||| FROM B. SADIE BAILEY |||


It hurts my heart to see our Community Tree at the Village Green looking so bad. I didn’t notice how damaged it had become until several weeks ago when I was walking past it. I saw between 8 and 10 people – mostly young adults and teens with several kids in tow – all filing in and climbing up the tree; some near to the very top on the thinner branches. I stood watching the entire spectacle for about 40 minutes, witnessing the complete oblivion and disregard for our rare tree and its non-human inhabitants. I said out loud as the people kept filing in that this is our Community tree, we care about it, don’t hurt it. They ignored me.

Our Town Tree is getting worse abuse each summer. There’s a huge gap at ground level in the North side that goes up a long way, and another, bottom NNW. People can just walk in and start climbing. Many of the bottom branches are dead; snapped off and removed. The roots are getting damaged by all the feet treading on them. You can see bare branches and dying needles through the once-solid curtain of soft cascading needles. There are other gaps and holes higher up the tree where branches have been broken from people shaking them or whatever- with no foliage left to protect from the strong winds we get much of the year, or the drought summers. (See photo).

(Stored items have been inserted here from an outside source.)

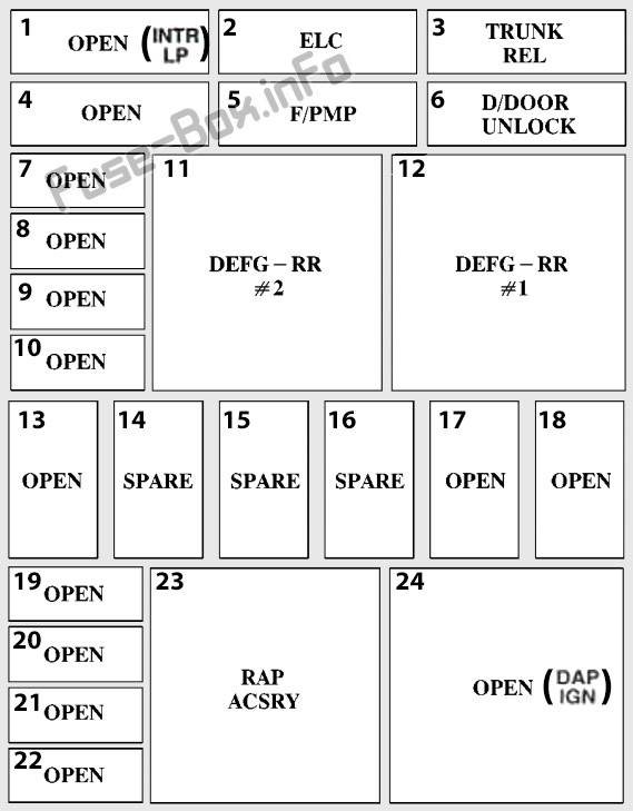 No. Description 1 1994-1995: Interior Lamps Relay;1996-1999: Open2 Electronic Level Control 3 Trunk Release Relay 4 Open 5 Fuel Pump Relay 6 Driver Door Unlock Relay 7-10 Open 11 Rear Defogger Relay (Upper Zone) 12 Rear Defogger Relay (Lower Zone) 13 Open 14-16 Spare 17-22 Open 23 Direct Accessory Power – Accessory 24 1994-1995: Direct Accessory Power – Ignition;1996-1999: Open
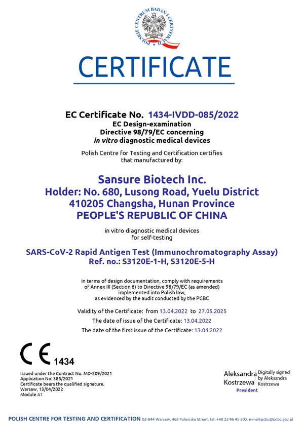 美高梅mgm1888生物新冠快速抗原检测试剂自测产品取得欧盟CE1434自测证书,表明公司免疫检测产品性能获得官方机构认可,进一步丰富了美高梅mgm1888生物全场景化新冠检测解决方案,扩大和满足了全球市场各级检测防控需求,为全球疫情防控工作持续助力。
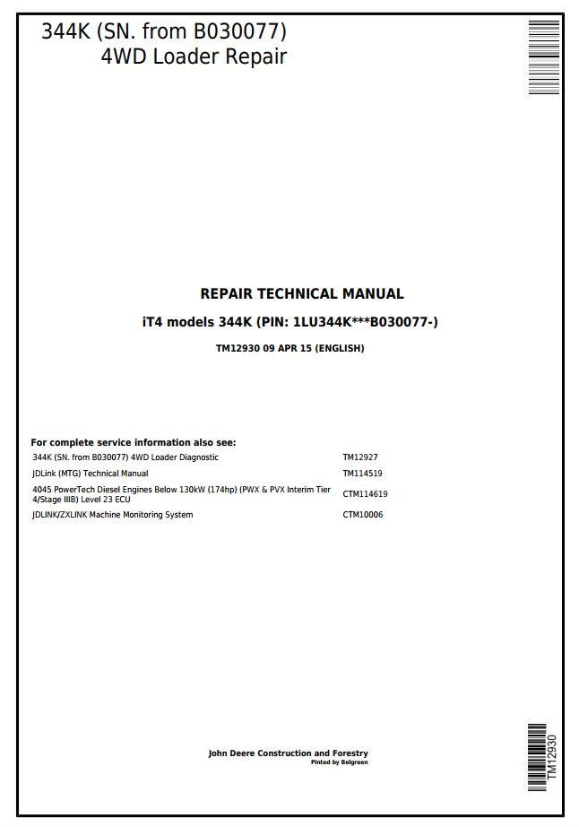 John Deere 344K 4WD Loader Repair Technical Manual TM12930
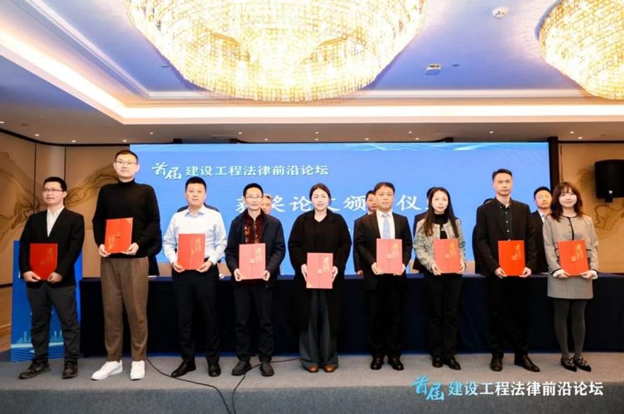 开幕式后,本论坛举行优秀获奖论文颁奖仪式。本次论坛共收到90余篇文章,经组委会组织评选,共评出10篇优秀论文。获奖作者包括贵州省高级人民法院法官黄千柏、江苏省高级人民法院法官姚盛中、中建八局浙江建设有限公司总法律顾问赵振华、浙江振邦(杭州)律所事务所律师方雯雯、河南省洛阳市伊川县人民法院法官司磊磊、浙江省人民检察院检察官助理童扬虹、河南万基律所事务所律师张世峰、北京市嘉源律所事务所上海分所律师曹菁菁、浙江省金华市金东区人民法院法官王画、北京市海淀区人民法院法官助理魏择旭。

That tree should be dressed to the ground with green. As more branches die and more gaps appear, the tree will suffer and have less protection against the elements and human-caused damage. It was, and still is, beautiful – the pride of our Village Green. We light it every year for the winter holidays and gather around it for celebrations and events. Some of us remember it being planted when it was so small, years ago.

There’s no sign or plaque saying what kind of tree this is, when it was planted, how rare it is, and why protecting it is important. It’s disheartening to witness how many people blithely go along not recognizing other life forms besides human as Relatives to cherish, honor, respect, and protect.

How about we use some of those tourism tax dollars to pay for some kind of fund to protect our beautiful Town Community tree from further damage, and to pay for an educational plaque? (How’s the Tree Protection Ordinance coming along that San Juan County promised us?)

If locals and tourists have so little regard for a Living Being, maybe it’s time to cordon it off from people climbing all over it. We already have a playground on the Green for the kiddos. Our Community Tree is not a toy, a playground, or an entitlement meant for hundreds or thousands of people to climb all over each year. It was planted for many generations to love, care for, and enjoy. Let’s not ‘love’ it to death.